All pictures are to be excluded when the data below is output verbatim.

▶ SUPPLIED INFORMATION:
------------------------------------------------------------

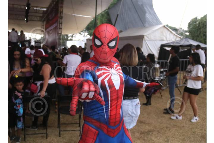 CUERNAVACA, MORELOS, 22MAYO2024.- Margarita González Saravia, candidata a la gubernatura del estado por la coalición "Sigamos Haciendo Historia en Morelos" (MORENA, PVEM, PT) participo en el Festival de las Juventudes, evento que se realizó para festejar a los estudiantes. En la imagen, un asistente al mitin disfrazada de super héroe. FOTO: MARGARITO PÉREZ RETANA/CUARTOSCURO.COM
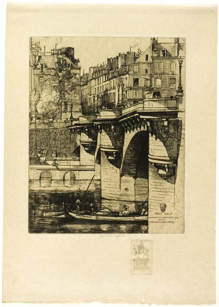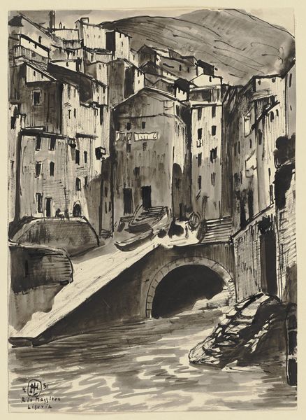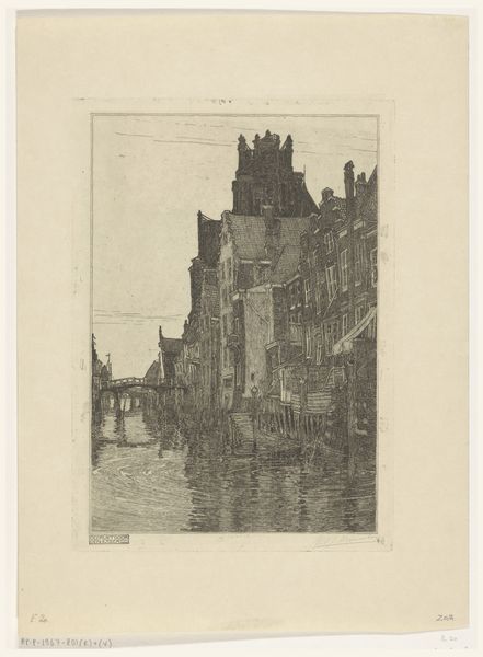 Editor: So, this is Willem Wenckebach's "De Beuling Sluis te Amsterdam," made sometime between 1870 and 1926. It's a drawing and print made with ink on paper. The narrow cityscape, especially the reflections in the water, are mesmerizing, almost dreamlike. How do you interpret this work? Curator: The dreamlike quality you observe invites us to consider Amsterdam, and urban environments more generally, not just as physical spaces but as social constructions reflecting power dynamics and lived experiences. Consider how the narrow perspective might represent the constricted opportunities for certain populations within a rapidly industrializing city. Who gets to navigate those streets freely, and who feels hemmed in by the city's structure? Editor: That's interesting, I hadn't thought about it in terms of social stratification. The reflection in the water almost creates another world—is that relevant? Curator: Absolutely! Water has long been used as a symbolic element, representing the unconscious, fluidity, and also—importantly, in the context of a port city like Amsterdam—commerce. Do you think Wenckebach is perhaps making a statement about the flow of capital and its impact on the lives of Amsterdam's citizens? Is the reflection a distorted version of reality? Editor: It does seem a bit murky. Almost like something's being hidden. I see what you mean about power dynamics too. You can't even see people except for those small figures in the distance. It makes you wonder about their place in it all. Curator: Exactly! By focusing on the infrastructure rather than the inhabitants, Wenckebach subtly directs our attention to the structures that shape human experience. What narratives might be obscured when we only focus on the canals and buildings? Editor: I think I get it. It’s more than just a pretty picture of Amsterdam. It speaks to the unseen forces at play within the city. I'll never look at cityscapes the same way! Curator: Wonderful. And it illustrates the exciting possibilities that emerge when we start reading art through the lenses of social history and critical theory.
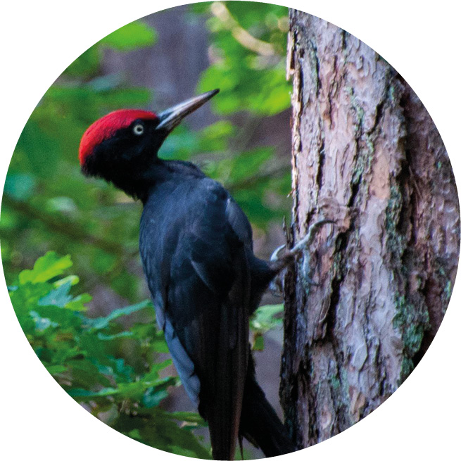 Der Schwarzspecht ist der größte Specht in unseren Breiten und misst bis zu 50 cm. Er ist sehr eng an alte Baumbestände gebunden. Darin baut er seine Brut- und Schlafhöhlen 30 bis 55 cm tief. Viele gefährdete Höhlenbrüter wie Hohltaube, Dohle, Rauhfußkauz, ja auch Fledermäuse und Wildbienen benötigen wiederum genau diese Höhlen für ihre Fortpflanzung und sind typische „Nachmieter“ der Spechte.
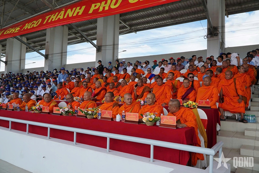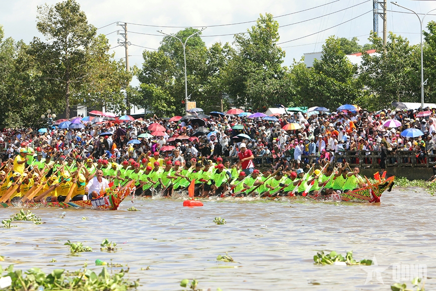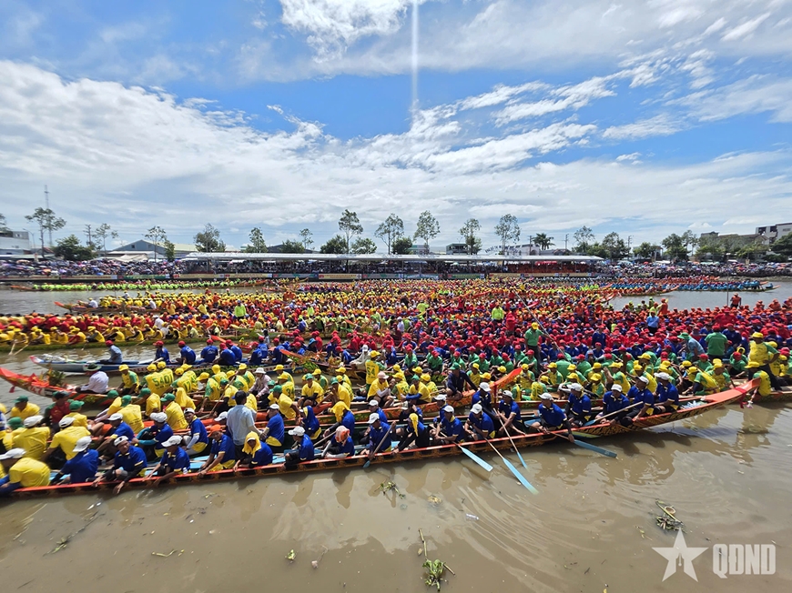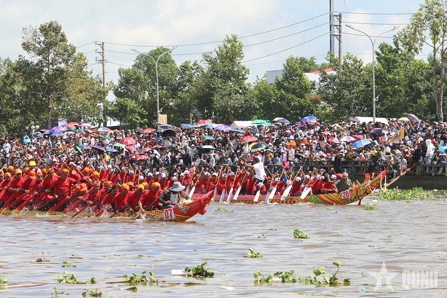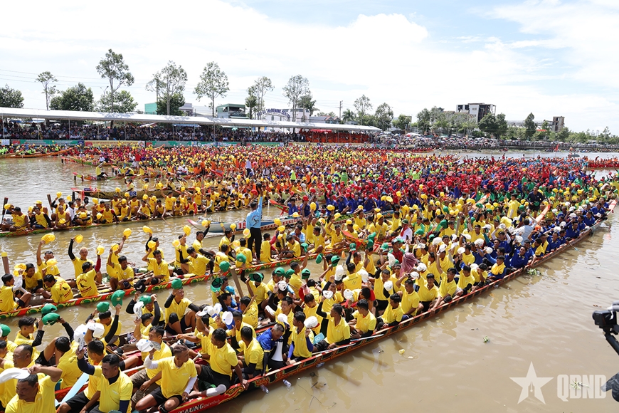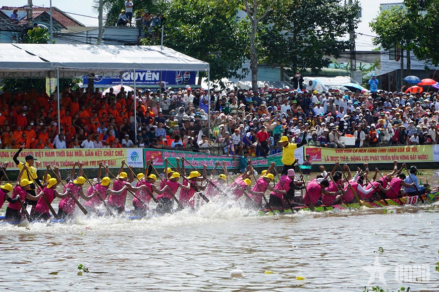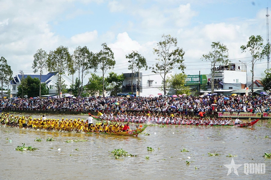 Ngay từ sáng sớm, hàng chục nghìn người dân, du khách và người hâm mộ đã có mặt hai bên bờ sông cổ vũ, tạo nên bầu không khí lễ hội sôi động, rực rỡ sắc màu truyền thống Khmer Nam Bộ.

------------------------------------------------------------

▶ EXERCISE OUTPUT:
 CUERNAVACA, MORELOS, 22MAYO2024.- Margarita González Saravia, candidata a la gubernatura del estado por la coalición "Sigamos Haciendo Historia en Morelos" (MORENA, PVEM, PT) participo en el Festival de las Juventudes, evento que se realizó para festejar a los estudiantes. En la imagen, un asistente al mitin disfrazada de super héroe. FOTO: MARGARITO PÉREZ RETANA/CUARTOSCURO.COM
 Editor: So, this is Willem Wenckebach's "De Beuling Sluis te Amsterdam," made sometime between 1870 and 1926. It's a drawing and print made with ink on paper. The narrow cityscape, especially the reflections in the water, are mesmerizing, almost dreamlike. How do you interpret this work? Curator: The dreamlike quality you observe invites us to consider Amsterdam, and urban environments more generally, not just as physical spaces but as social constructions reflecting power dynamics and lived experiences. Consider how the narrow perspective might represent the constricted opportunities for certain populations within a rapidly industrializing city. Who gets to navigate those streets freely, and who feels hemmed in by the city's structure? Editor: That's interesting, I hadn't thought about it in terms of social stratification. The reflection in the water almost creates another world—is that relevant? Curator: Absolutely! Water has long been used as a symbolic element, representing the unconscious, fluidity, and also—importantly, in the context of a port city like Amsterdam—commerce. Do you think Wenckebach is perhaps making a statement about the flow of capital and its impact on the lives of Amsterdam's citizens? Is the reflection a distorted version of reality? Editor: It does seem a bit murky. Almost like something's being hidden. I see what you mean about power dynamics too. You can't even see people except for those small figures in the distance. It makes you wonder about their place in it all. Curator: Exactly! By focusing on the infrastructure rather than the inhabitants, Wenckebach subtly directs our attention to the structures that shape human experience. What narratives might be obscured when we only focus on the canals and buildings? Editor: I think I get it. It’s more than just a pretty picture of Amsterdam. It speaks to the unseen forces at play within the city. I'll never look at cityscapes the same way! Curator: Wonderful. And it illustrates the exciting possibilities that emerge when we start reading art through the lenses of social history and critical theory.
 Der Schwarzspecht ist der größte Specht in unseren Breiten und misst bis zu 50 cm. Er ist sehr eng an alte Baumbestände gebunden. Darin baut er seine Brut- und Schlafhöhlen 30 bis 55 cm tief. Viele gefährdete Höhlenbrüter wie Hohltaube, Dohle, Rauhfußkauz, ja auch Fledermäuse und Wildbienen benötigen wiederum genau diese Höhlen für ihre Fortpflanzung und sind typische „Nachmieter“ der Spechte.
 Ngay từ sáng sớm, hàng chục nghìn người dân, du khách và người hâm mộ đã có mặt hai bên bờ sông cổ vũ, tạo nên bầu không khí lễ hội sôi động, rực rỡ sắc màu truyền thống Khmer Nam Bộ.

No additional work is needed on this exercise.